Indeed, I rarely interact with artists in my professional life [1].  Thus, an email I received this past August (18Aug25) from one Ms. Julia Galloway [2] fell upon my eye as dew drops from heaven.  She introduced herself as: 

“… a professor and ceramic artist based in Montana. I’m currently working on a project focused on raising awareness about endangered species. For this project, I am creating ceramic urns to represent each threatened, endangered, recovered, and extinct species in the U.S. The project will culminate in the creation of approximately 1,200 urns, with completion expected by 2027.”

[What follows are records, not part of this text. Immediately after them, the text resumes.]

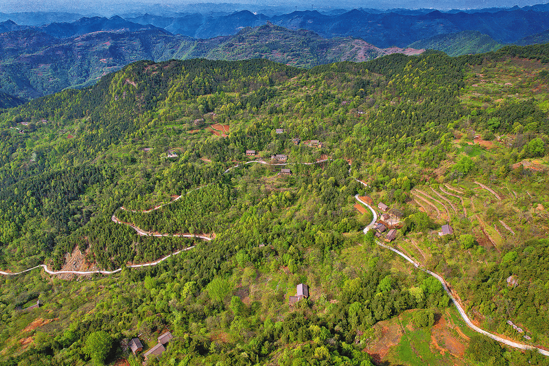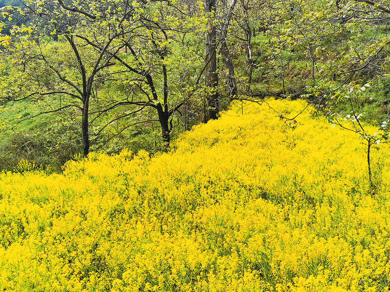 在老人的指引下,我們路過一片開滿金色花朵的地頭來到空山下邊,這里視野開闊,不時傳來鳥鳴與犬吠聲,山頂?shù)谋泵婧湍厦娣謩e坐落著兩個村莊。俯瞰山下,遠眺群山,仿佛置身于一幅寫意山水畫卷之中,愜意而逍遙。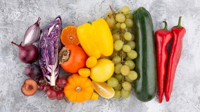 mesa com alguns vegetais, como repolho, caqui, uva, limão, pepino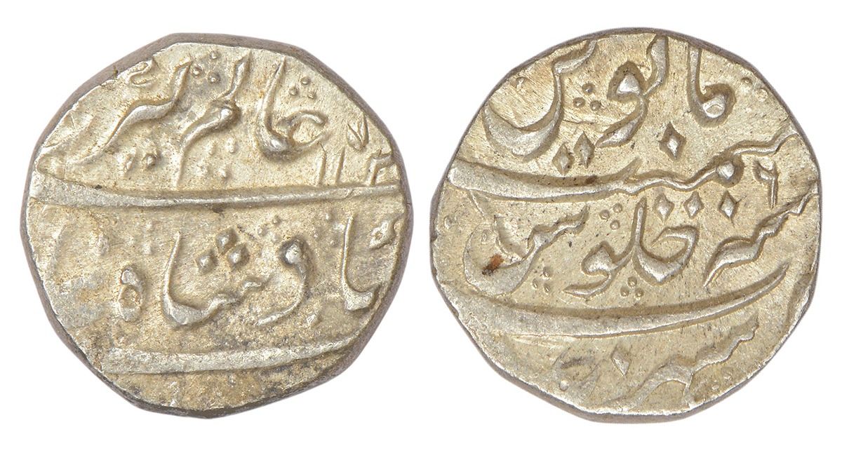 Maratha Confederacy, domains of the Peshwas - silver rupee in the name of Muhammad Shah, Balwantnag...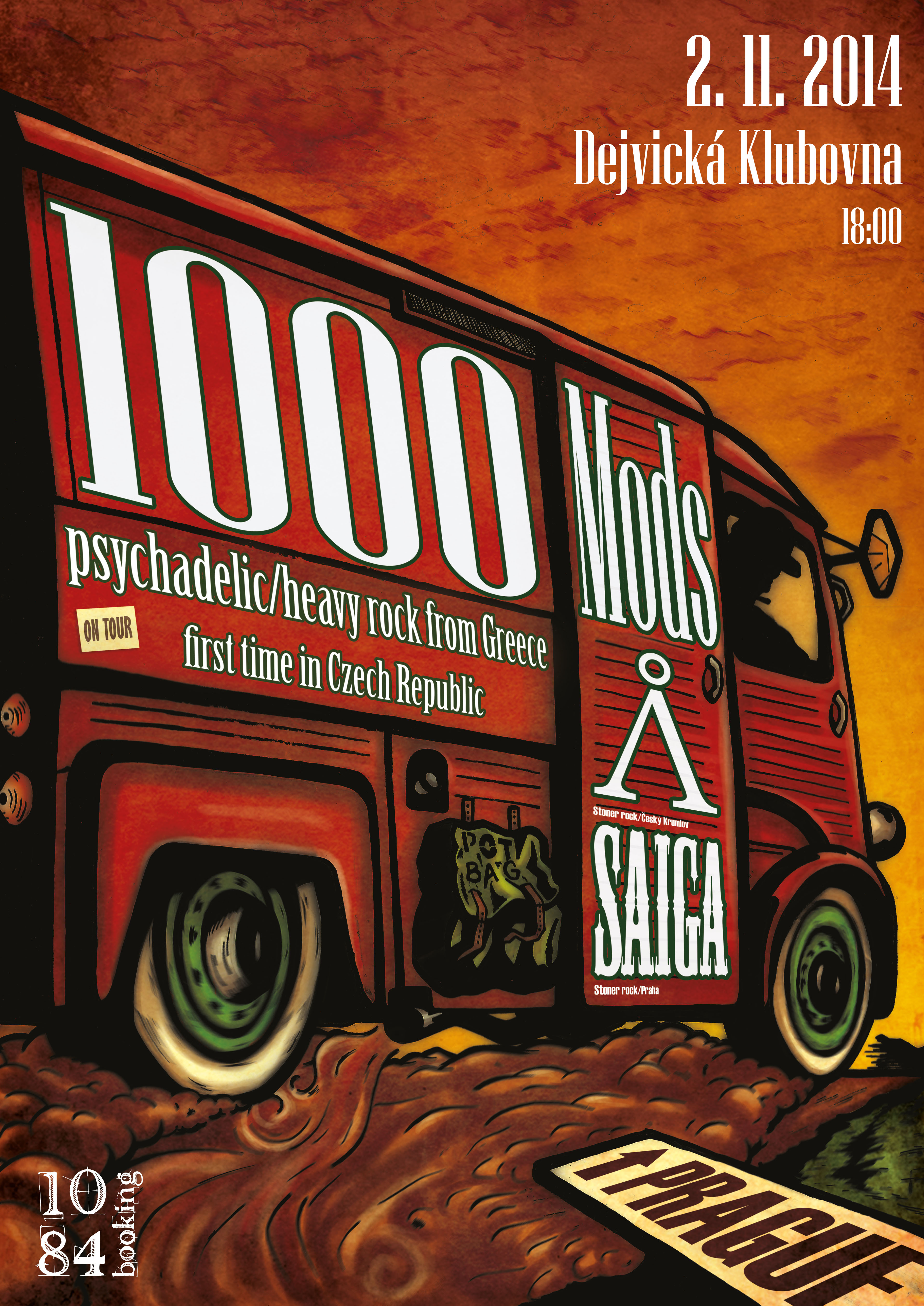 1000modsMilovníci slunce, dálek, výšek, dodávkových výletů, stonerových groovů, tučných riffů a vyfuzzovaných aparátů s hlasitostí daleko přes desítku se přijdou v listopadu trochu ohřát do Dejvické Klubovny. Do Prahy poprvé dorazí řečtí 1000mods, vydatně podpoření dvěma nadějemi českého stoneru: českokrumlovskými jezdci Λ /Lambda/ a česko-ruskou exilovou našláplostí Saiga. Řekové v Klubovně představí své nové album Vultures (2014), navazující na úspěšný a ověřený kousek Super Van Vacation (2011).

Ms. Galloway went on to explain that she had created “400+” urns as of that mid-August date and had (apparently) worked down from the California Condors to the freshwater gastropods, finding her supple hands now poised over a throw of clay to be entitled, “Anthony’s Riversnail.”  And googling about the internet for inspiration, she had found my “fabulous photo” posted on the FWGNA site.  And requested permission to use.

 

How fascinating!  The concept of “endangerment” is purely a matter of law, of course, and “raising awareness” a political objective.  Here an artist addresses a scientist over a matter of public policy. A conjunction of three worlds.

 

On 21Aug25 I replied to Ms. Galloway certifying, as I always do, that all of the images on the FWGNA site are freely available for anybody to use for any purpose whatsoever, and offering to help her in any other way I could.  And I concluded, doing my best to address her in her native tongue: 

“Notice that there's a photo of Leptoxis crassa (“Anthony’s Riversnail”) in situ at the bottom of (the species) page [here].  Which brings me to my final point.  Bless your heart!  These things are brown bumps on a rock.  God made them by throwing little balls of clay at dirt.  If you can make art out of Leptoxis crassa, my cap's off to you.”

 And to the bottom of my email of 21Aug25 I added, “PS – 1,200 urns? Are you nuts?”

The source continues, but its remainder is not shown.